Монотонная работа деревянным черпаком да кожаным ведерком отвлекла от ужасов бури и даже качка перестала донимать. Уже под вечер сквозь марево в голове Головня услышал:
— Прячь парус! К берегу!
А еще через малый час он стоял на берегу на четвереньках, даром что не целуя твердую землю.
— Лодьи на берег! Щели конопатить! — покрикивал Елисей на своих, покамест послужильцы рубили близко подошедший к берегу лес и складывали шалаши да костры под рев ветра.
Пол-седмицы они пережидали бурю, но к Свято-Андреевскому монастырю успели в срок. День приходили в себя, а потом отъедались пирогами с палтусиной да семгой, ухой, битой треской в рассоле, горячими кашами, житными шаньгами в сметане, калитками с рубленым яйцом и запивали кежем, киселем на ягодах.
Набив пузо, Илюха засел писать отчет, как заведено по делам великого князя. Лучше сделать это сейчас, потому как на дороге в Москву времени не будет, а в Москве Василий Васильевич может сразу, без роздыху, послать с новым поручением и крутись, как хочешь, а отчет сдай.

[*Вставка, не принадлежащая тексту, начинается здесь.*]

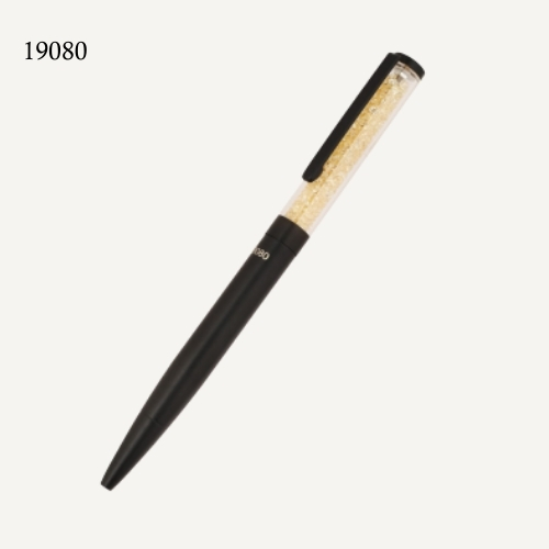 A premium black metal pen featuring a decorative crystal-filled section that adds a luxury touch. Perfect for standout corporate gifting
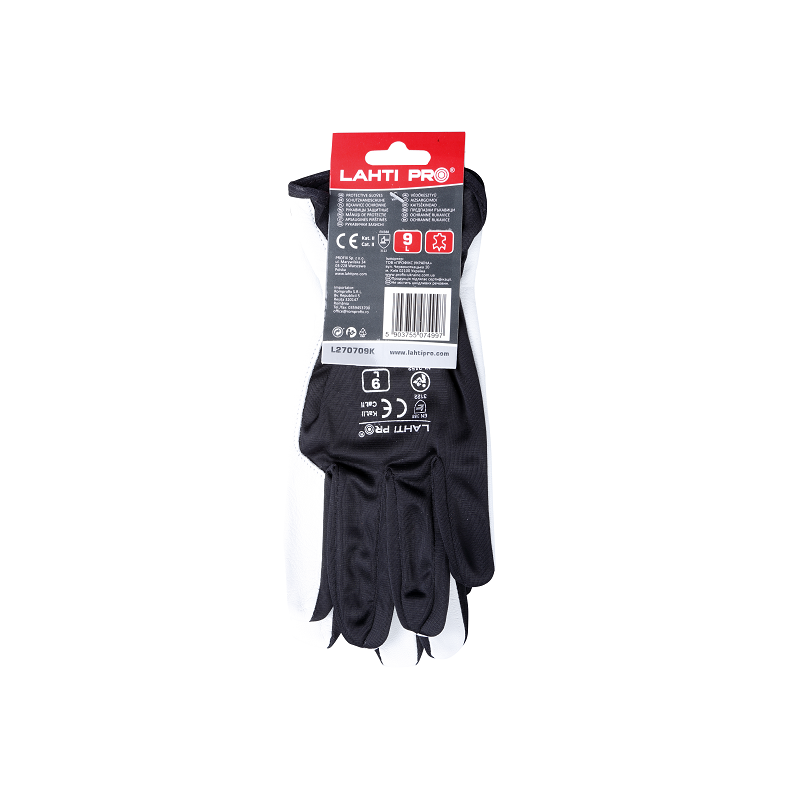 Materiał: skóra kozia, bawełna, spandex. Wykonanie części chwytnej z jednego kawałka skóry zwiększa trwałość rękawicy. Wierzchnia część rękawicy wykonana jest z elastycznego materiału i zapewnia idealne dopasowanie do dłoni. Szeroki zakres zastosowań (np. motoryzacja, rekreacja, ogrodnictwo, prace magazynowe). Posiadają certyfikat CE oraz spełniają normę: EN 388 - rękawice chroniące przed zagrożeniami mechanicznymi, EN 420 – rękawice ochronne.
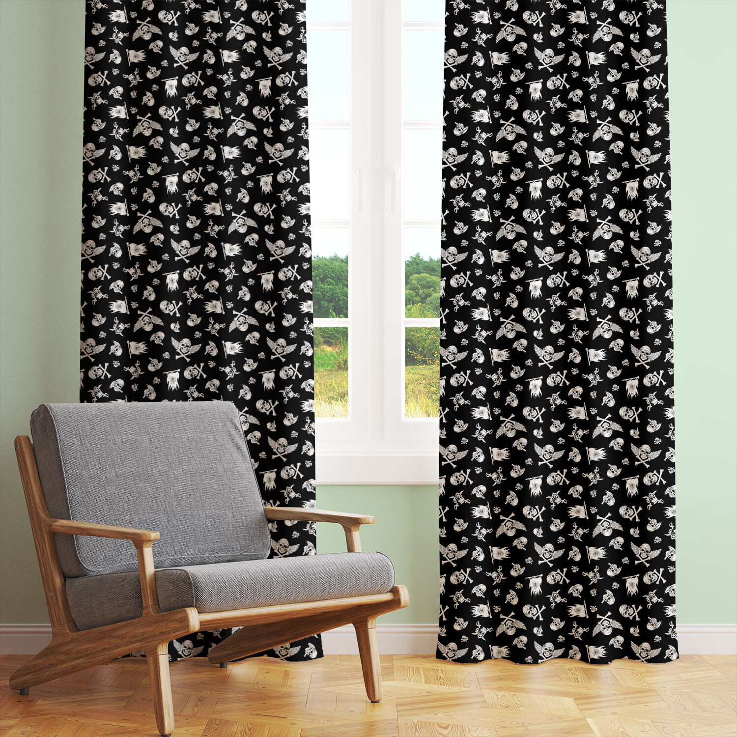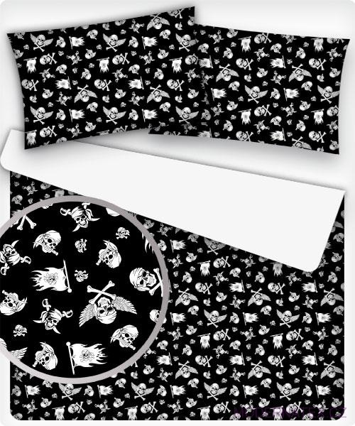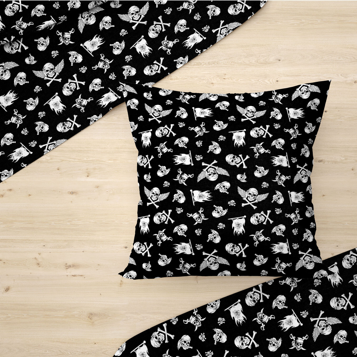 Description Tissu en coton uni au mètre, 125 g/m², largeur 160 cm, Crânes noir
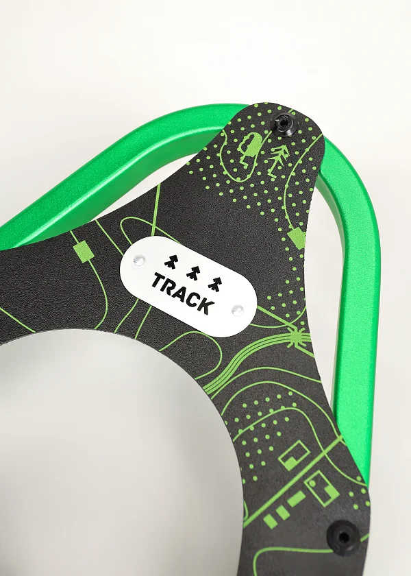 - Стальные зубчатые полозья на нижней поверхности деки предотвращают боковое соскальзывание, а увеличенная длина зубьев в передней части и расположенные под углом друг к другу зубчатые пластинки в задней части удерживают от скольжения назад
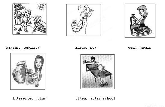 Dz´ÊÔì¾ä£º¸ù¾ÝËù¸øÍ¼»¼°Ìáʾ´ÊÓд³ö·ûºÏͼ»Òâ˼µÄ¾ä×Ó¡££¨10·Ö£©
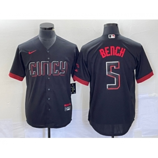 Men's Nike Cincinnati Reds #5 Johnny Bench Black 2023 City Connect Cool Base Stitched Baseball Jersey1

…В Соловецкой обители пища толстейшая, нежели в самой Фераре, имут бо многия рыбы зело тучные и жирныя, яко палтусы, семга, сиги да сельди.
Твое, Государь, повеление, на Корельском берегу сполнили, не попустил Господь Всемилостивый разбойной чуди, но людишек твоих два на десят человек оная чудь убила до смерти. В Кеми острог крепкий поставили, тамо государева каравана ждут о весне 6957 года от сотворения мира.
Илюха зажмурил глаза, представил — по берегам Дышучего моря поднимались городки и острожки, меж ними сновали лодьи да карбасы…
— Илья Гаврилович! Илья Гаврилович! — заголосил внизу отрок, приставленный на побегушки. — Корабли с моря!
В крепостице тоже затрубили тревогу и, схватив вместо пера саблю, Илюха выскочил из избы.
На раскате стоял, раскрыв рот, Затока и зачарованно наблюдал за невиданными кораблями — две мачты с прямыми и одна с косыми парусами, наверху здоровенные корзины, из которых торчали по одной-две головы, а в носу и корме целые дома с оконцами… Над парусами вились белые яловцы с красным прямым крестом.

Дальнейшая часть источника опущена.